## HOW TO COMPLETE THIS TASK
Quote exactly and only this range of lines in the data below: the line that holds "3月9日,刘大为委员(右)与盛小云委员相互讨论提案。中国文艺网 张悦 摄" to the line that holds "Accesorios incluidos Pistola", both included.

*** Opening EXTRACTED RECORDS ***

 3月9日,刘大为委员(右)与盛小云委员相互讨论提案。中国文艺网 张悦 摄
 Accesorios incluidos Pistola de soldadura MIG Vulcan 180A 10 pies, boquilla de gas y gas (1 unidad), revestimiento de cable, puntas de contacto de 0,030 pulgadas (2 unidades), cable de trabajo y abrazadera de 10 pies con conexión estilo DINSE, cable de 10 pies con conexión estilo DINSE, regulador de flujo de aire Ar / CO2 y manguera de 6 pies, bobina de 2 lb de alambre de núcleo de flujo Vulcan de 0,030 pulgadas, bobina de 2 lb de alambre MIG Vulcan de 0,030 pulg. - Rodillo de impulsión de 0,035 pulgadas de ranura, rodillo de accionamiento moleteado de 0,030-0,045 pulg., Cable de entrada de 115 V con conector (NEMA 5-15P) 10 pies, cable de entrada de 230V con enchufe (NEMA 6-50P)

*** Closing EXTRACTED RECORDS ***
*** Opening EXTRACTED RECORDS ***

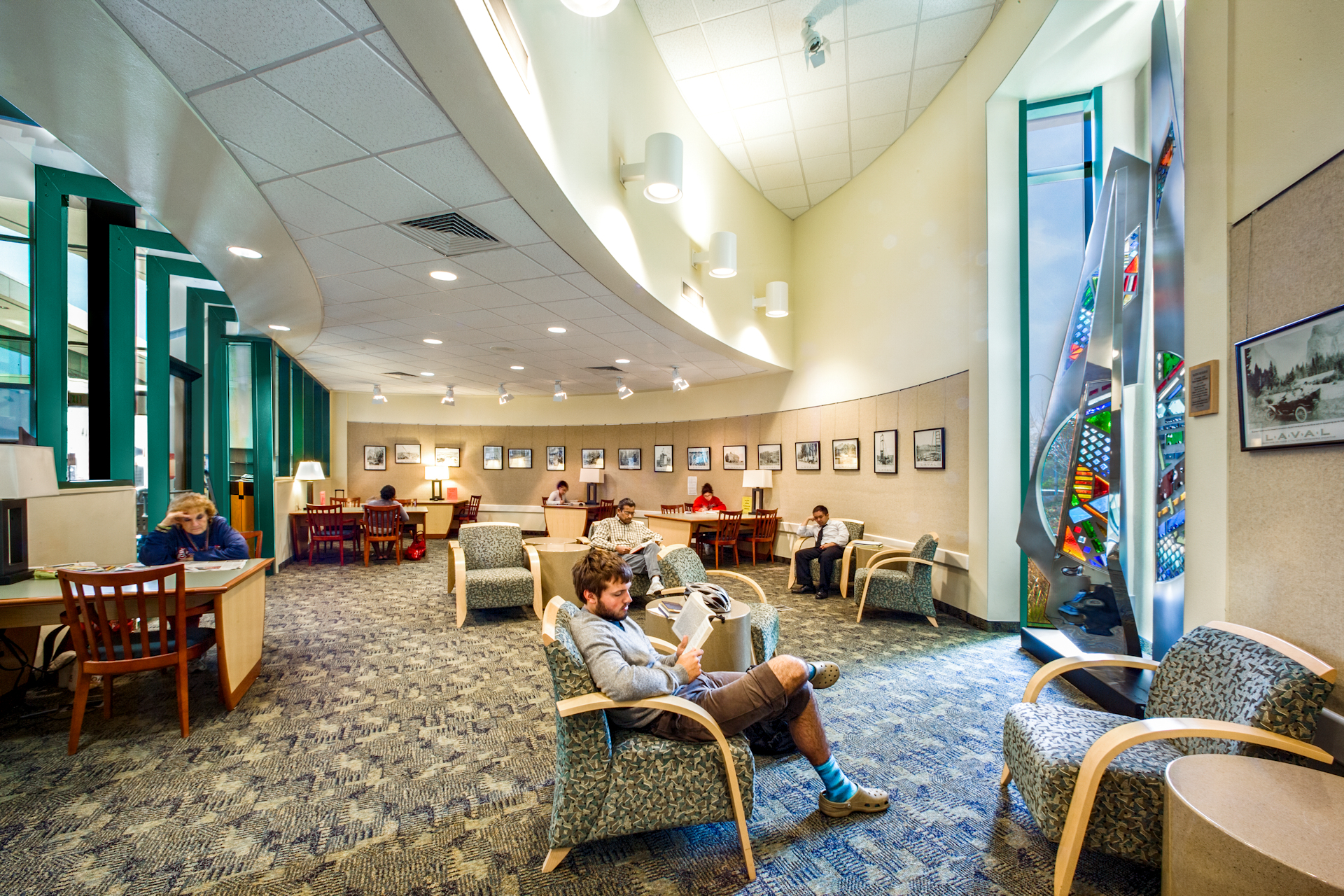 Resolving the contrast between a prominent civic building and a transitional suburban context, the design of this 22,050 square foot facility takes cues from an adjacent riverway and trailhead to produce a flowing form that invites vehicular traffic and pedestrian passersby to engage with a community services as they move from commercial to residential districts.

*** Closing EXTRACTED RECORDS ***
*** Opening EXTRACTED RECORDS ***

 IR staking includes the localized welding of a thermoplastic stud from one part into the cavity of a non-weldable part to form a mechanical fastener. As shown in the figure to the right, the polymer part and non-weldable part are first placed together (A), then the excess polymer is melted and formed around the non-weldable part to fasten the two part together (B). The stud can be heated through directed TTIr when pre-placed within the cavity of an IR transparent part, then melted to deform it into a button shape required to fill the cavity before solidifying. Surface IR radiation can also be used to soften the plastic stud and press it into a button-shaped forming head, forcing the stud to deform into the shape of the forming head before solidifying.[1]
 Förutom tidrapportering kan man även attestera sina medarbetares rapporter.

*** Closing EXTRACTED RECORDS ***

## REPLY TO THE EXERCISE
 3月9日,刘大为委员(右)与盛小云委员相互讨论提案。中国文艺网 张悦 摄
 Accesorios incluidos Pistola de soldadura MIG Vulcan 180A 10 pies, boquilla de gas y gas (1 unidad), revestimiento de cable, puntas de contacto de 0,030 pulgadas (2 unidades), cable de trabajo y abrazadera de 10 pies con conexión estilo DINSE, cable de 10 pies con conexión estilo DINSE, regulador de flujo de aire Ar / CO2 y manguera de 6 pies, bobina de 2 lb de alambre de núcleo de flujo Vulcan de 0,030 pulgadas, bobina de 2 lb de alambre MIG Vulcan de 0,030 pulg. - Rodillo de impulsión de 0,035 pulgadas de ranura, rodillo de accionamiento moleteado de 0,030-0,045 pulg., Cable de entrada de 115 V con conector (NEMA 5-15P) 10 pies, cable de entrada de 230V con enchufe (NEMA 6-50P)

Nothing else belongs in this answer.